**Exercise requirements:** Every line of the listing below should come back exactly as written, with no images.

**Provided data:**
-------------------------
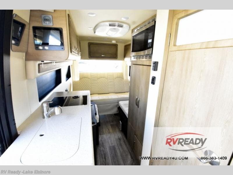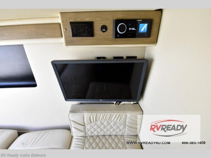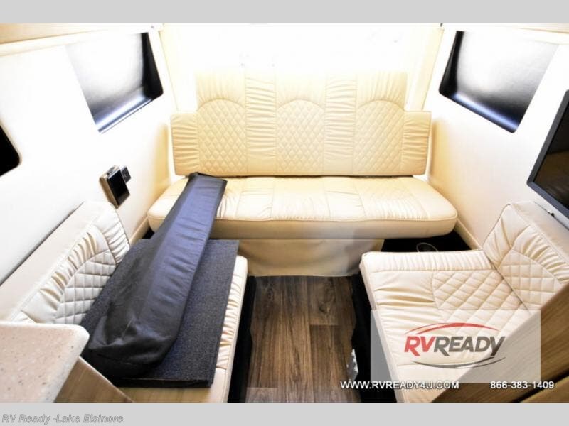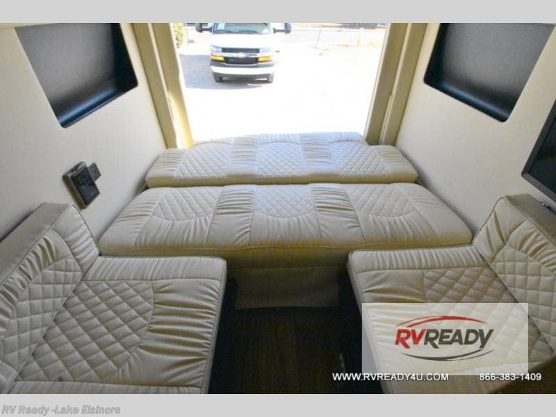 Start traveling like you are driving an SUV yet you will have your own bedding for two to three people once the rear power lounge is set up with the two side sofas for the night. You can watch a movie on the Samsung HD LED Smart TV when you wake up before making breakfast in the convection microwave or on the induction cooktop. You might like to grab a snack from the overhead cabinets instead. And the removable table/dinette will allow you to eat a meal or do some work while sitting comfortably on the leather seating. There is a mid-coach wet bath to stay refreshed and ready for whatever you decide to do next! You might even like to add the Onan 2.2 propane generator option for extra power.
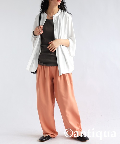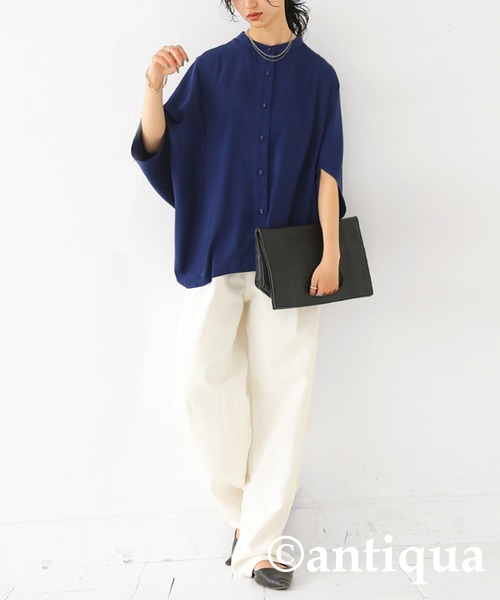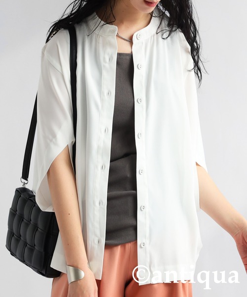 キーワード:ブラウス シャツ レディース スタンドカラー 長袖 無地 夏 春
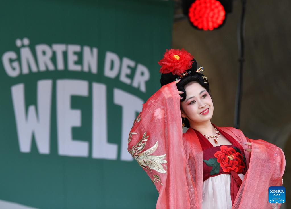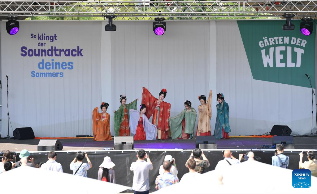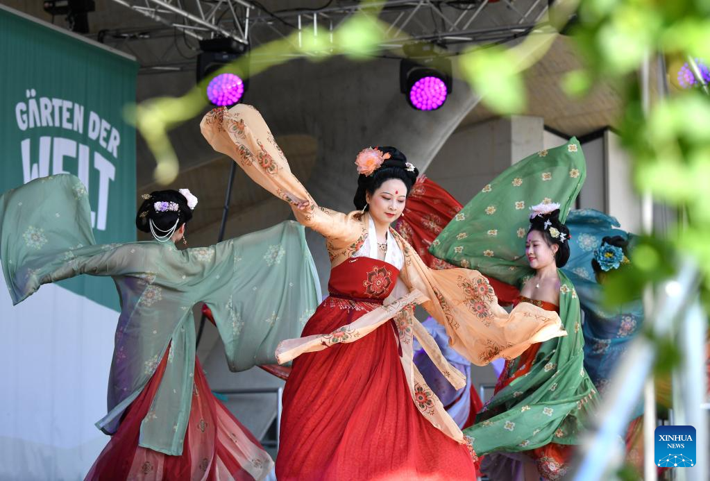 Enthusiasts present creations of Hanfu, a type of traditional Chinese garment, during the cultural festival "Culture meets Garden" at the Gardens of the World in Berlin, Germany, on July 8, 2023. The festival was held here from Saturday to Sunday. (Xinhua/Ren Pengfei)
-------------------------
**The completed task:**
 Start traveling like you are driving an SUV yet you will have your own bedding for two to three people once the rear power lounge is set up with the two side sofas for the night. You can watch a movie on the Samsung HD LED Smart TV when you wake up before making breakfast in the convection microwave or on the induction cooktop. You might like to grab a snack from the overhead cabinets instead. And the removable table/dinette will allow you to eat a meal or do some work while sitting comfortably on the leather seating. There is a mid-coach wet bath to stay refreshed and ready for whatever you decide to do next! You might even like to add the Onan 2.2 propane generator option for extra power.
 キーワード:ブラウス シャツ レディース スタンドカラー 長袖 無地 夏 春
 Enthusiasts present creations of Hanfu, a type of traditional Chinese garment, during the cultural festival "Culture meets Garden" at the Gardens of the World in Berlin, Germany, on July 8, 2023. The festival was held here from Saturday to Sunday. (Xinhua/Ren Pengfei)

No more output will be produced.